Isabel Sampson-Mapp insists she has the best job at Penn. Outside her tiny, cluttered office on a recent cloudy morning the hallway is beginning to fill up with cans and boxes and cartons. It’s the culmination of Penn’s Thanksgiving holiday food drive, and, as always, the Penn community has stepped up to the plate.

Donations will be coming from all across campus,” she beams. “Last year we tripled the number of families we could serve.”

Now, with Christmas on the horizon, Mapp is ramping up her Adopt-a-Family campaign, and if previous years are any indication, Penn will come through on that community service project, too. “We try to help make Christmas merry for kids,” says Mapp, who directs Penn’s Volunteers in Public Service program, housed in the Center for Community Partnerships. Instead of having an office Pollyanna, “and getting not so great gifts,” Mapp suggests offices and departments collect donations to “adopt” a family and buy them gifts for the holiday.

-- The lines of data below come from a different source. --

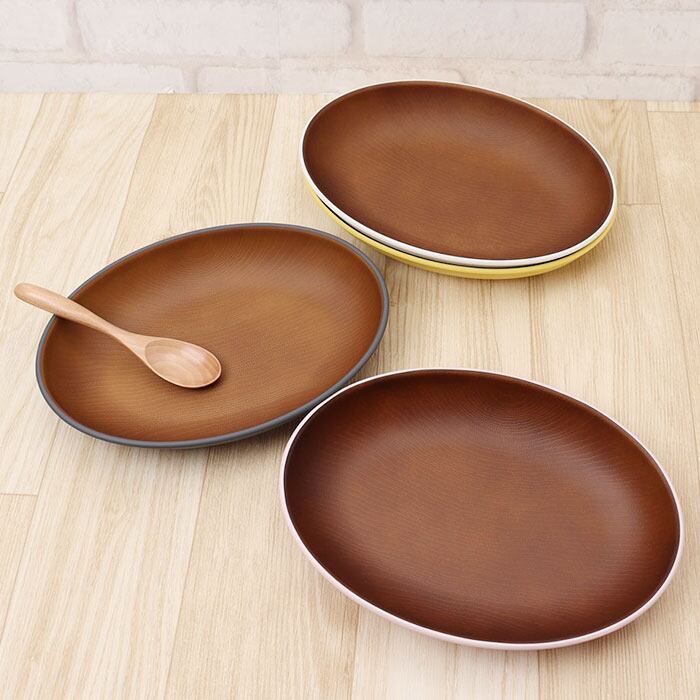 ・優しい木目の温もりをポップなカラーで縁取った「isso ecco 木目オーバルプレート」が新登場!
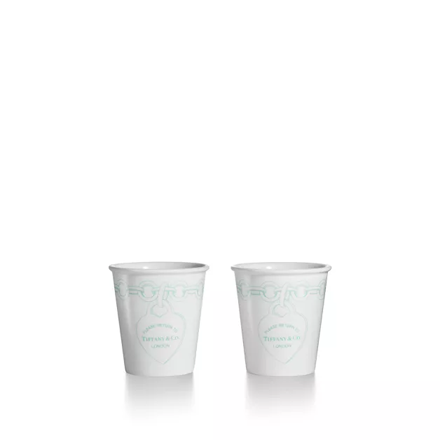 Inspired by a key ring we debuted in 1966, the Return to Tiffany collection is famous for its signature motif. Crafted in bone china, this contemporary set of two coffee cups features an etched heart tag and chain detail in our iconic Tiffany Blue® hue.
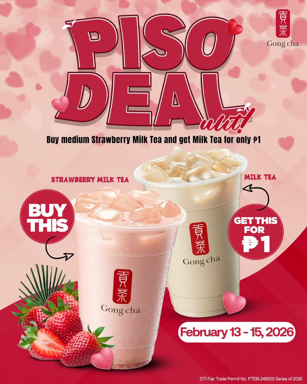 This promo is available from Feb. 13 to 15 in all Gong cha branches except Araneta Coliseum, Robinsons Dumaguete, Filinvest Marina Town, and SM City Legazpi.
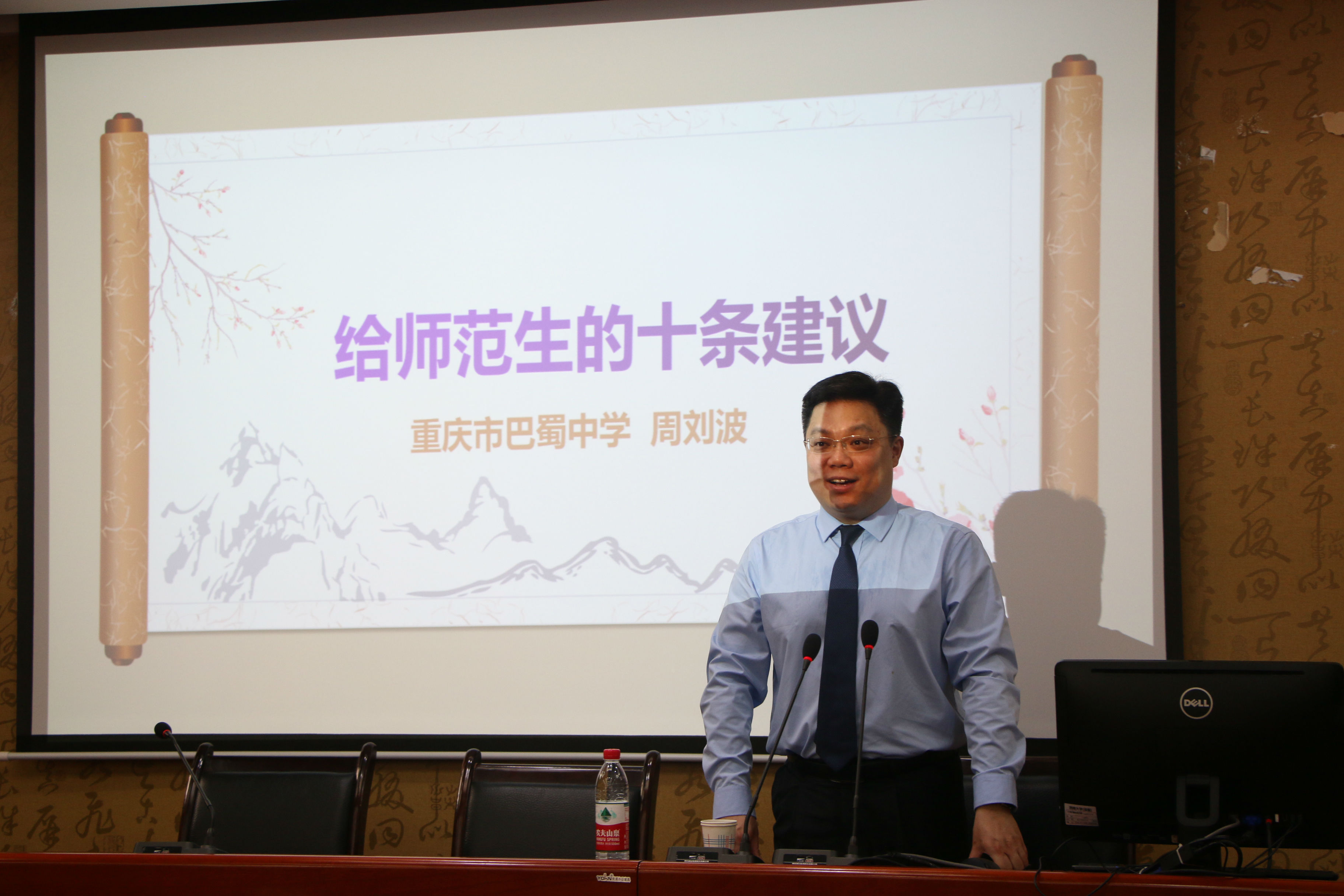 周老师着重讲解了“保持独立思考与写作的习惯”这一条建议,强调了“看法”的重要性。他指出,一流的教师应有自己的教学风格、教学体系以及学科价值观,并能用富有内涵且生动的思想点燃课堂。而思考的最好方式就是写作,周老师建议同学们要养成每天写作的习惯,以思考和写作来训练研究性思维,为以后的职业发展之路奠定基石。
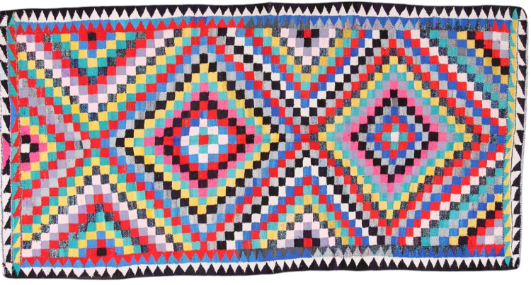 Dette teppet er laget for hånd på vevstolen som en flat veving. Flatweaves er tepper som ikke har haug. Som navnet antyder er disse teppene vevd og ikke knyttet. Dette resulterer i et flatt teppe med en strukturert overflate. Flatvev er ikke så myke og stort sett tynnere enn knyttede tepper. Samtidig er de betydelig mindre komplekse å produsere og kan vanligvis utformes fra begge sider (foran og bak). Mønstrene deres er vanligvis geometriske, noe som skyldes stoffet.
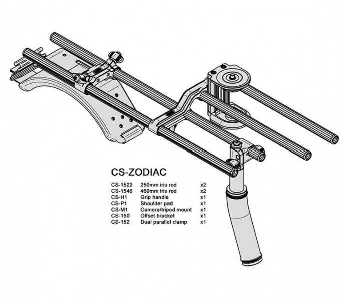 Профессиональный комплект поддерживающих штоков для HDSLR-камер CS-ZODIAC позволяет осуществлять регулировку положения по осям x и y. Таким образом обеспечивается наиболее выгодная точка для съемки, независимо от того, используете ли вы оптический видоискатель или LCD-экран на DSLR-камере.
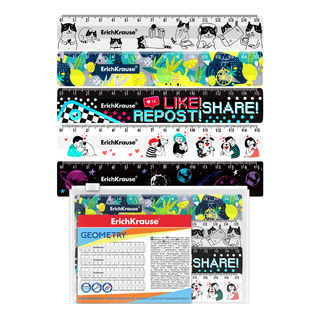 Набор из 4 пластиковых линеек ErichKrause 15см, ассорти из 4 дизайнов, в зиплок-пакете (унисекс)
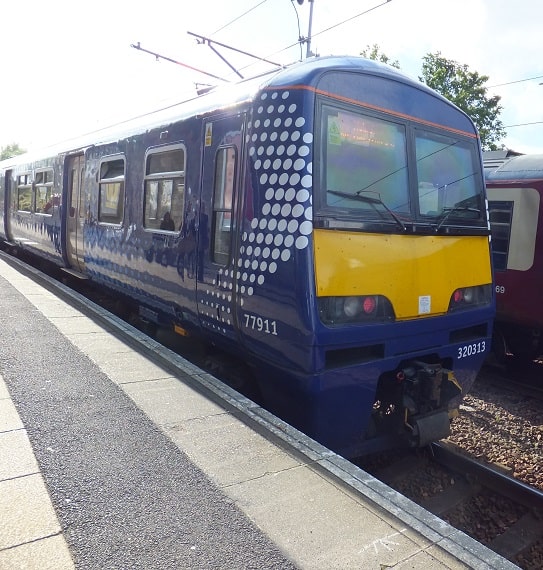ScotRail - UK Electric trainset 320 313 in the very attractive ScotRail livery, is seen at Glasgow Central station (upper level). Glasgow, 03-07-2016 Digital photo by Marco van Uden |

Last holiday season more than 50 offices did just that. Mapp works with two agencies to verify that the families are truly needy and then matches up the families to the departments, based on the number of donors involved and the number of children in the families. Often families will offer a brief wish list of toys or clothes they would like to receive. “The thing that made me sad this year is so many people are looking for coats,” says Mapp. “I can’t imagine not being able to afford a coat.”

Once departments have gathered donations, they have different ways of playing Santa. Some, says Mapp, collect the money and have one person do the shopping. Others assign people to buy gifts for a particular child. “Whichever way works best,” she says. Even with modest individual donations, a large department can quickly raise a substantial sum. Enough for, say, a kids’ bike, a skateboard, even a TV.

Delivering the gifts can be a hurdle for some departments, and Mapp acknowledges this can be difficult since, “you get to see some intense situations.” The reactions, she says, range from not being allowed in to being welcomed in with open arms. “Sometimes you’ll go to a house and there’ll be no light, which just highlights the need, but smiles on their faces,” says Mapp, who recalls visiting a family that had just suffered a fire. “All they had were large black trash bags all around. They were thrilled to have these beautifully wrapped gifts.” If you don’t choose to deliver, she says, her department can take care of it.

Mapp says she sees herself as a facilitator and a conduit. “I’ve yet to ask for something I haven’t gotten. If you ask for it, they will give.”